Andrews Geyser, Is NCs version of the PA horseshoe curve.


----------



## Southern

This is the Sunday afternoon run of the Norfolk Southern 21st Century Steam train coasting down hill out of Asheville NC. The next to last car is the one that we were on in the morning





We walked about 15 feet to take the next video.


----------



## Southern




----------



## tjcruiser

I checked out the geyser link ... neat history. Thanks, Southern!

TJ


----------



## gunrunnerjohn

Interesting, that answers the questions about mixing different types of passenger cars.


----------



## Southern

The Small one in the middle was the kitchen car made for WWII troop trains. It is now a souvenir and grill car. One of the cars that is owned by Norfolk Souther is equipped for head end power.


----------



## gunrunnerjohn

Yep, I guess that old steamer didn't provide power to run the passenger cars.


----------



## Southern

*Speed bump*

On the CSX line near me there is a new turnout wanting to be installed. I was looking at and realized it was not like any that I had ever seen before.









.









Yes that is a hump in the track. It made that way.
There is no cut in the frog for the main line.









To get in to the sidding the wheels will have to jump over the main line rail.










I am to going to put one of these on my railroad.
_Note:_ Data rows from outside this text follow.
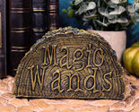 ? In museum-grade resin, this cool wand stand looks like a slice of tree bark with 4 holes radiating along the top and Magic Wands emblazoned on the front. The holes are sized to hold many wood or resin wands and also beautifully holds your favorite pens - words are magic after all.
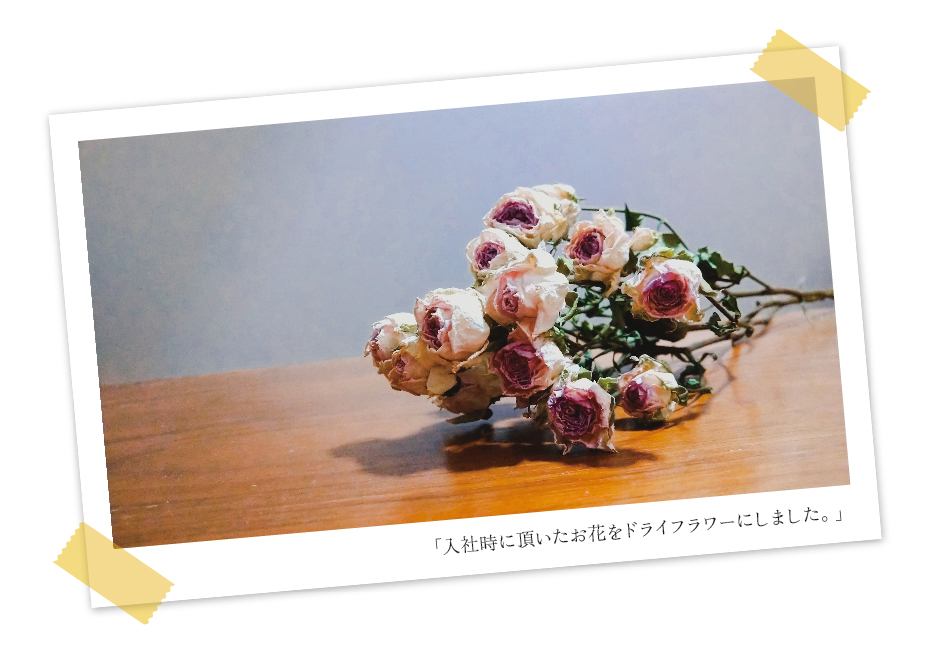 入社式の時に頂いたお花も立派なドライフラワーになりました。これを見習って、私も良い経年変化を遂げられるように日々頑張ります。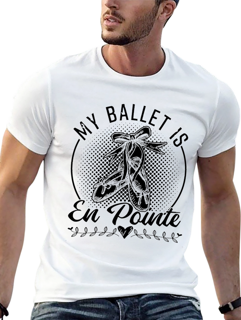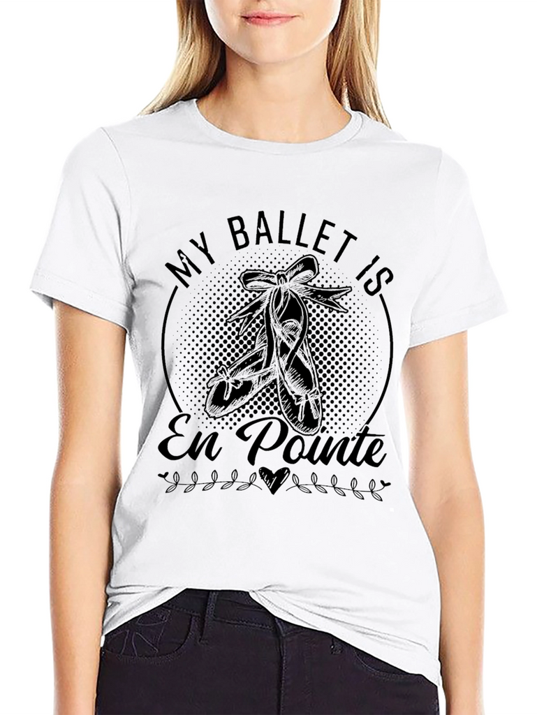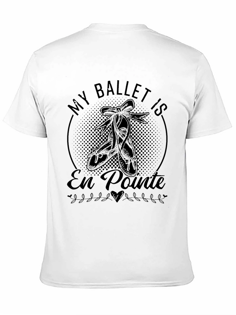 Show your love for ballet with this stylish graphic tee. Made from a soft, comfortable fabric, this black t-shirt features a unique design with ballet slippers and the phrase "My Ballet is En Pointe." The design is printed in a subtle black tone-on-tone style, creating a fashionable and eye-catching look. Perfect for dancers, ballet enthusiasts, or anyone who appreciates elegant design. Wear it to dance class, rehearsals, or as a casual statement piece. Express your passion for ballet with this trendy and comfortable tee!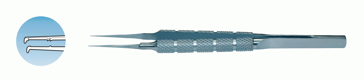 Grasping tips to lift trabeculatomy flap. Delicate 12 mm shafts. Round 8 mm dia handle. Overall length 108 mm, 4.2 inches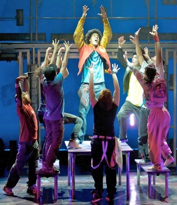 Conceived by Danny Cistone (who also directed) and Bradley Rapier in collaboration with the cast, the 90-minute flaming-footwork festival celebrates both the art and the heart of street dance as filtered through its front-line interpreters. Its 10 primary cast members relate how the art beckoned, and encouraged them to express themselves in the moment rather than waiting for someone else to feed them steps. And, of course, they demonstrate their evolution to (or succumbing to) this state of motion-centricity. In those ways, Groovaloo Freestyle often plays and sounds like an uninhibited, urbanized A Chorus Line. In others, not so much. Its explorations of poverty, parents who didn't understand, and the specters of personal and societal expectations are so generic, in fact, that you'll remember only the more vivid departures from the norm. Rapier was on track to become a doctor, but knew one day in an operating theater that the medical life was not for him. Al Star (Kendra Andrews) was classically instructed and disciplined, but inept at freestyling her first dozen times out. The most moving tale is that of BoogieMan (Steven Stanton), who was shot one night at a club and told he would never walk - let alone dance - again. The cane he uses for much of the evening underscores this, but - well, won't he probably shed it eventually? Their stories all take on considerably more distinction once they actively kick up their heels - and most other imaginable body parts - to show that they practice what they preach. Numbers about the harrowing natures of auditions, living up to a father's dreams (as represented in a challenge-tap mirror number), and making a warehouse lunch break far more musical than it has any right to be, are young, unpolished ideas. But they're shiningly executed, and more than sufficient showcases for the undeniably talented cast to work out their coruscating kinetic vision of how to overcome life's little obstacles. So dynamic are they, you wish the stereotypically graffiti-strewn set (Laura Fine Hawkes was the design consultant, Toons One the painter) and headache-inducing lighting (Charlie Morrison) represented as original a vision. Particularly effective is the climactic number, "The Circle," in which the ensemble-prone company finally gathers to strut their stuff for their compatriots. It's where, for them, the magic is made - it's where Rapier sheds the shackles of the healing industry he never wanted to join, Al Star transcends her training to speak from her own soul, and BoogieMan meets his destiny (in more ways than one). It's also where the lesser-represented performers get chances to dazzle, with some whose angular moves openly repudiate gravity and one young man who spins on his head - perfectly, as far as I could tell - for the better part of 30 seconds. It's all astonishing, no doubt. But is it beautiful? In terms of its outward appearance, not really. The kids' connections to their souls, however, are as attractive as they can be, and are what make the best case for Groovaloo Freestyle as both a labor of love and a work of worthy - and often energizing - theatre.
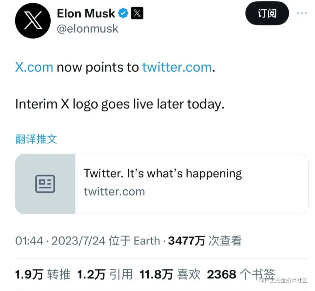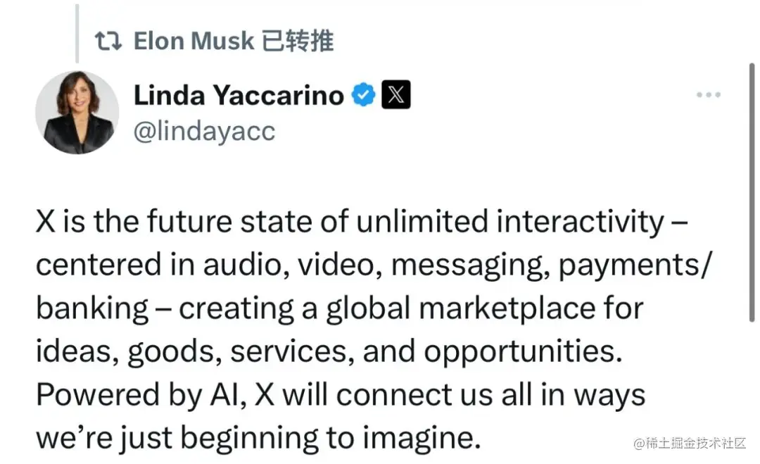 上周日下午,马斯克转载了现任 Twitter 首席执行官的琳达·亚卡里诺 (Linda Yaccarino) 对此举的看法,并给出了更加深刻的解释:“「X」 将是无限互动的未来状态——以音频、视频、消息、支付/银行为中心——为思想、商品、服务和机会创造一个全球市场。”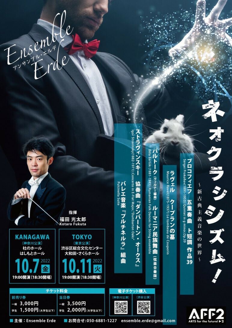 ネオクラシシズム! ~新古典主義音楽の世界~ 22/10/7(金)~22/10/11(火) 杜のホールはしもと・ホール、渋谷区文化総合センター大和田 さくらホール シェア ツイート 相模原市を拠点とする室内楽団体「Ensemble Erde」による室内オーケストラ企画の第二弾! 公演情報 ジャンル 室内楽 器楽 料金 前売り 一般-3,000円 前売り 学生-1,500円 表示できるチケット情報はありません詳しくはこちら お問い合わせ Ensemble Erde シェア ツイート
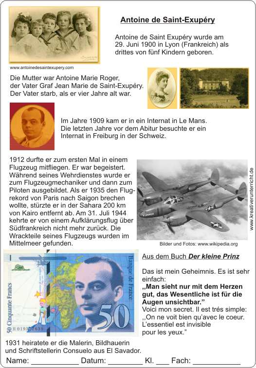 Lebenslauf von Antoine de Saint - Exupéry mit dem wichtigsten einfachen Geheimnis: “Man sieht nur mit dem Herzen gut, das Wesentliche ist für die Augen unsichtbar” aus dem Buch “Der kleine Prinz”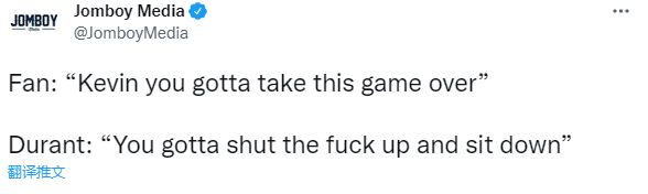 比赛期间,杜兰特和主场球迷激情互喷一幕曝光,当时球迷大喊凯文,你必须接管这场比赛;杜兰特强势回应:你TM给我闭嘴坐好。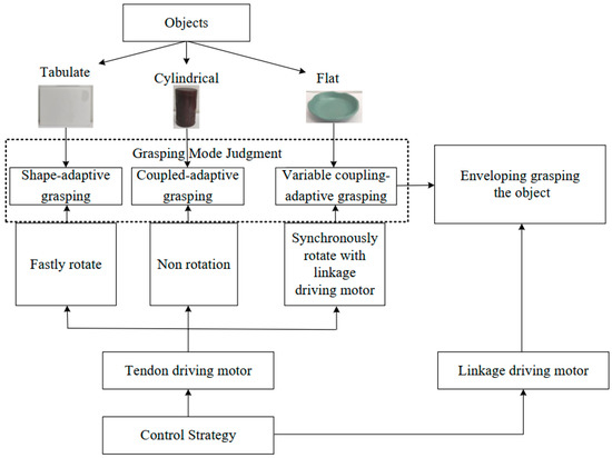 Figure 4. The control strategy of the finger’s three grasping modes.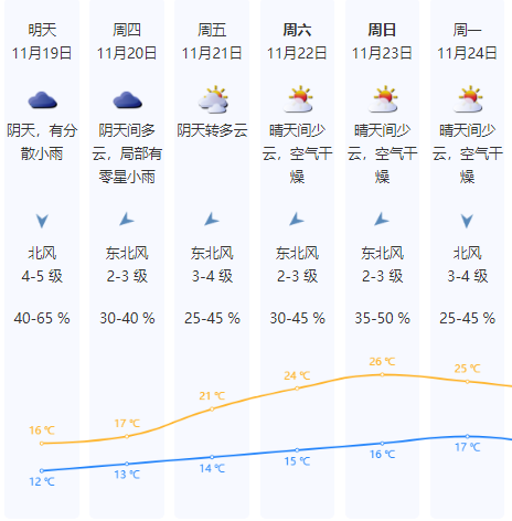 19-20日阴天有分散小雨,其中19日气温12-16℃,偏北阵风6-8级,个别高地9级左右,体感阴冷;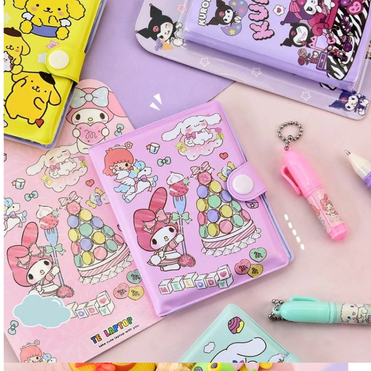 Diary Mini Motif Lotso, Kuromi, Rabbit plus Pen / Notebook Mini Kancing - ATK
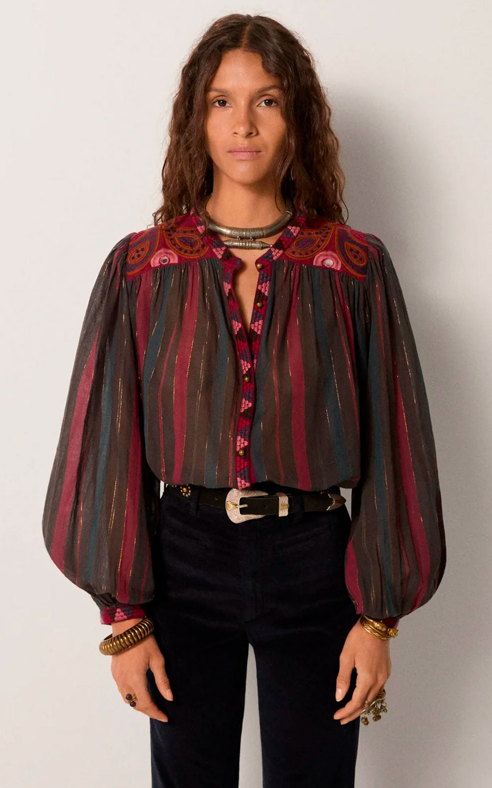 La blusa Meera está confeccionada en voile de algodón fino con hilos metálicos, que le...

The outside rail has a gard that holds the outer wheel on the rail.


----------



## tjcruiser

I've never seen that, either.

Is rail #3 (chalk mark) humped, as well (at the crossover)? I would assume it would have to be, right ???


----------



## Southern

Ya it is. 

I want to see a train go into that siding. The siding was used for "Stock Building Supply", but they closed that location.


----------



## gunrunnerjohn

That's one of the oddest things I've seen, nice catch!


----------



## Southern

I am wondering if there is a piece of steel that is set in the frog when it is thrown for the wheels to ride over the main line.


----------